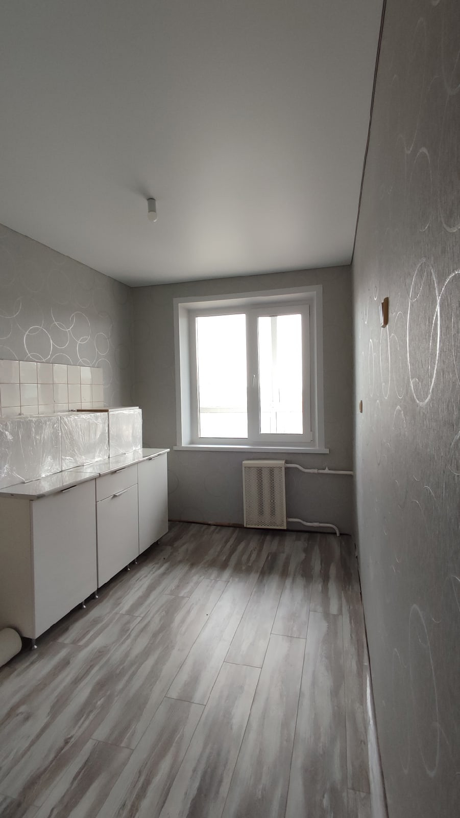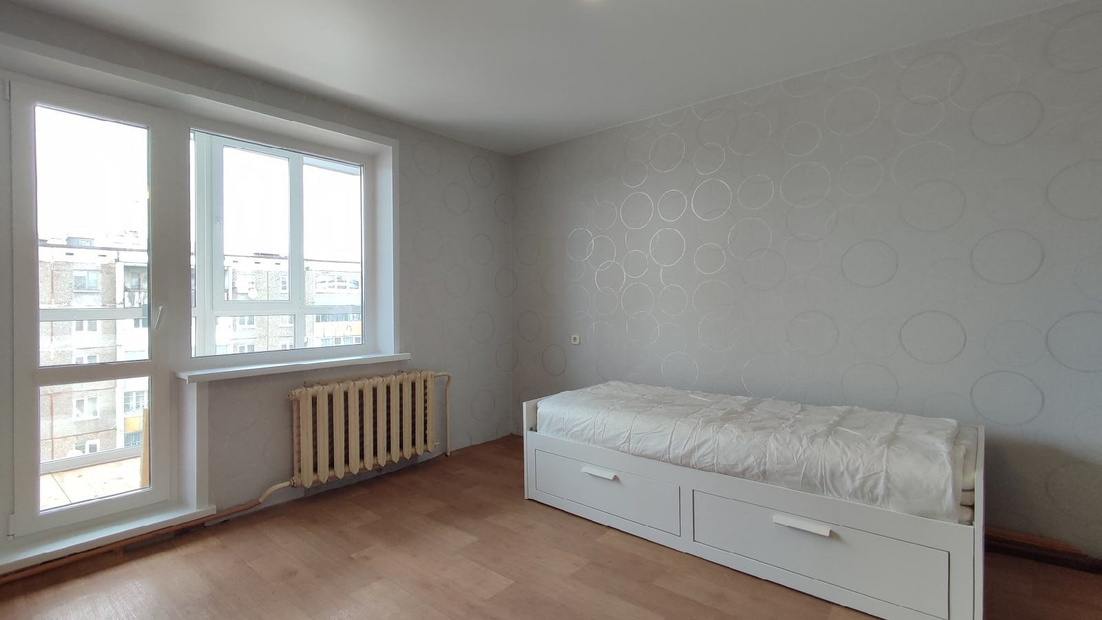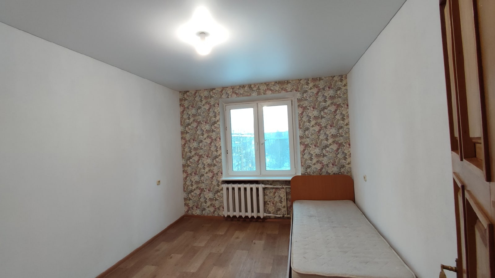 В квартире выполнен свежий ремонт. Свежие плотные виниловые обои в светлых тонах, натяжные потолки, пол ламинат/линолеум.
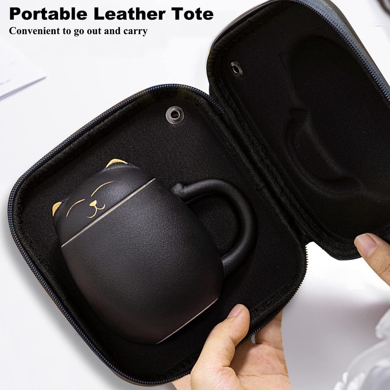 Liywall - Ceramic Tea Mug with Infuser and Lid, Cat Design Handmade Porcelain Tea Cup Strainer With Portable Shockproof Storage Case for Travel Office Home,Wife Girlfriend Gift - Black
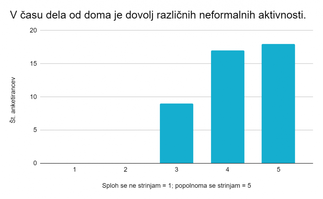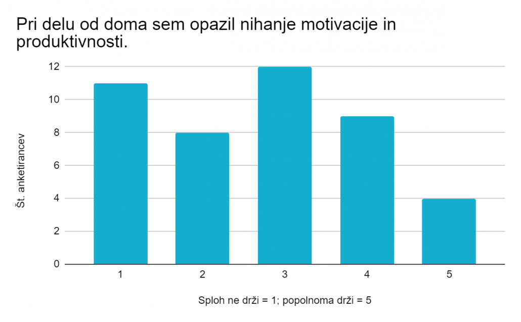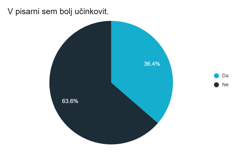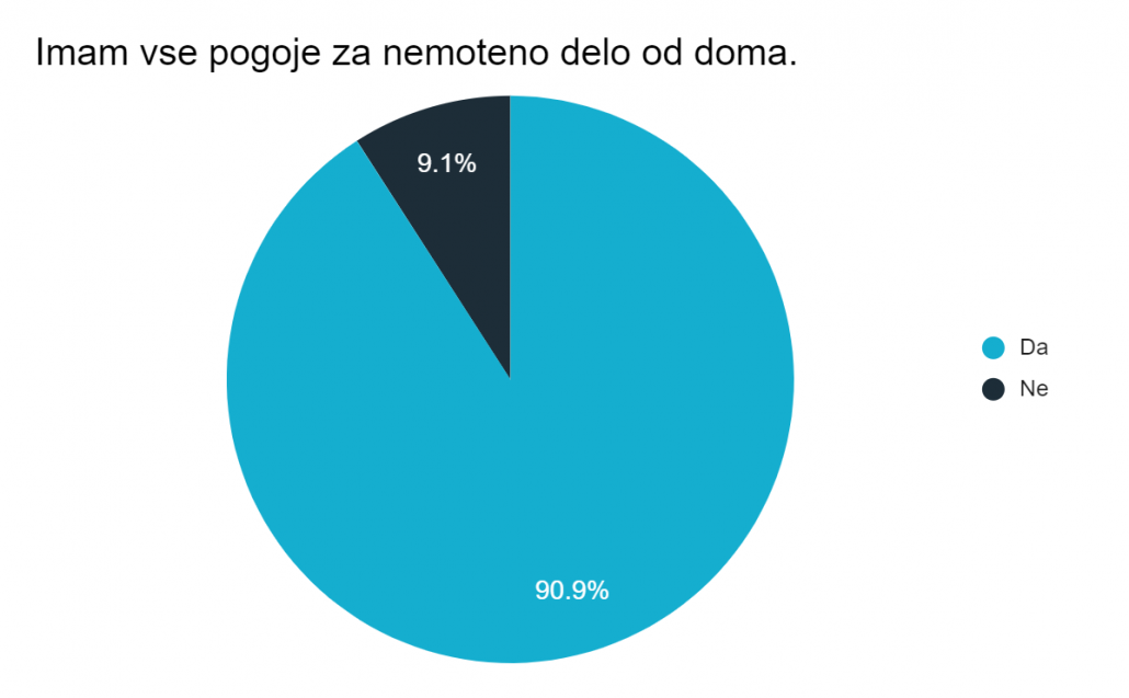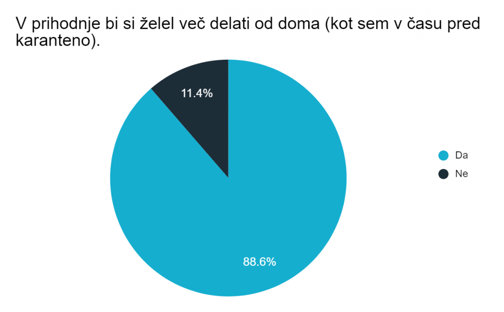To je eden tistih trenutkov, ko se še bolj zaveš, kako pomembno je vlagati v svoje čudovite sodelavce! Nekaj zaposlenih je delo od doma prakticiralo že pred trenutno situacijo, večina pa je sedaj videla, da delo od doma lahko poteka gladko in enako uspešno. Najbolj je presenetilo to, kako hitro in uspešno smo se uspeli prilagoditi precej težavni situaciji. Praktično čez noč smo vzpostavili, da delo od doma poteka brez težav in je situaciji navkljub enako dobro opravljeno. Kar 98% zaposlenih po svetu si po trenutni situaciji želi vsaj del delovnega časa delati od doma*. Podobno se je zgodilo tudi pri nas, kar je lepo razvidno iz spodnjega grafa.
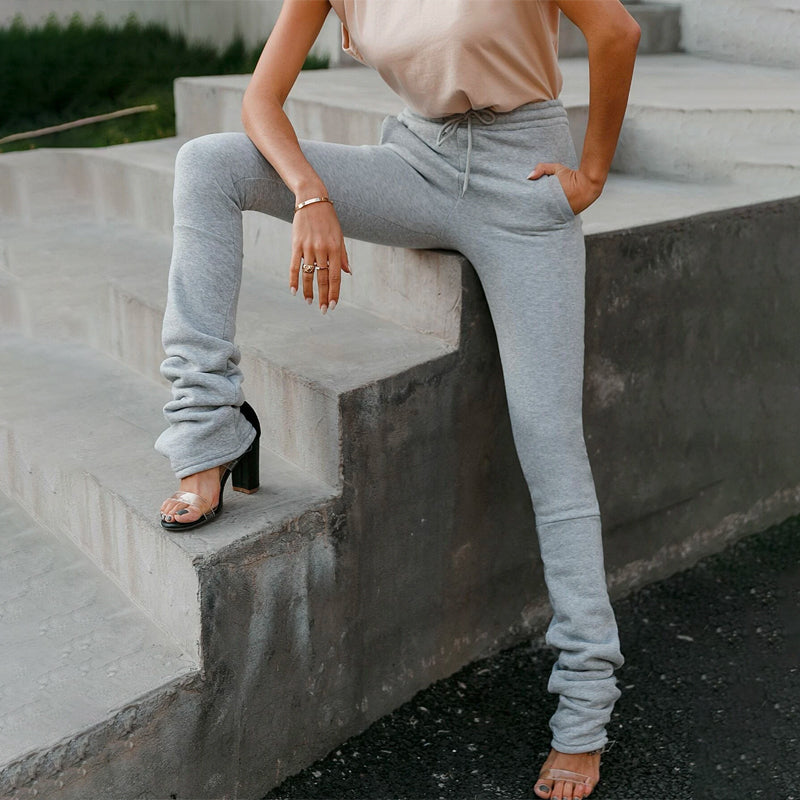 Drawstring Waist Slant Pocket Stacked Pants
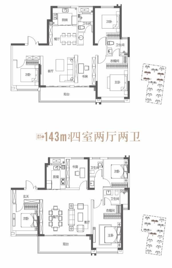 楼盘户型:4种户型,建面:100-143㎡ 4室2厅2卫
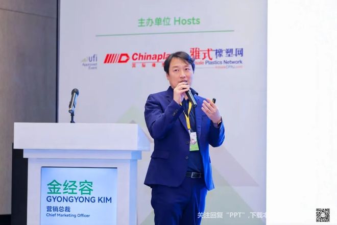 江苏赛维尔新材料科技有限公司营销总裁金经容分享了公司通过物理回收技术生产优质PCR产品,显著降低碳排放,助力纺织品、汽车中的聚酯(内饰织物、安全带、轮胎丝)以及食品包装、饮料包装和日化包装循环回收。

_Task brief:_ Restate word for word each line from the top of the listing down to and including the line that holds "Liywall - Ceramic". Drop any pictures.

_Solution:_
 В квартире выполнен свежий ремонт. Свежие плотные виниловые обои в светлых тонах, натяжные потолки, пол ламинат/линолеум.
 Liywall - Ceramic Tea Mug with Infuser and Lid, Cat Design Handmade Porcelain Tea Cup Strainer With Portable Shockproof Storage Case for Travel Office Home,Wife Girlfriend Gift - Black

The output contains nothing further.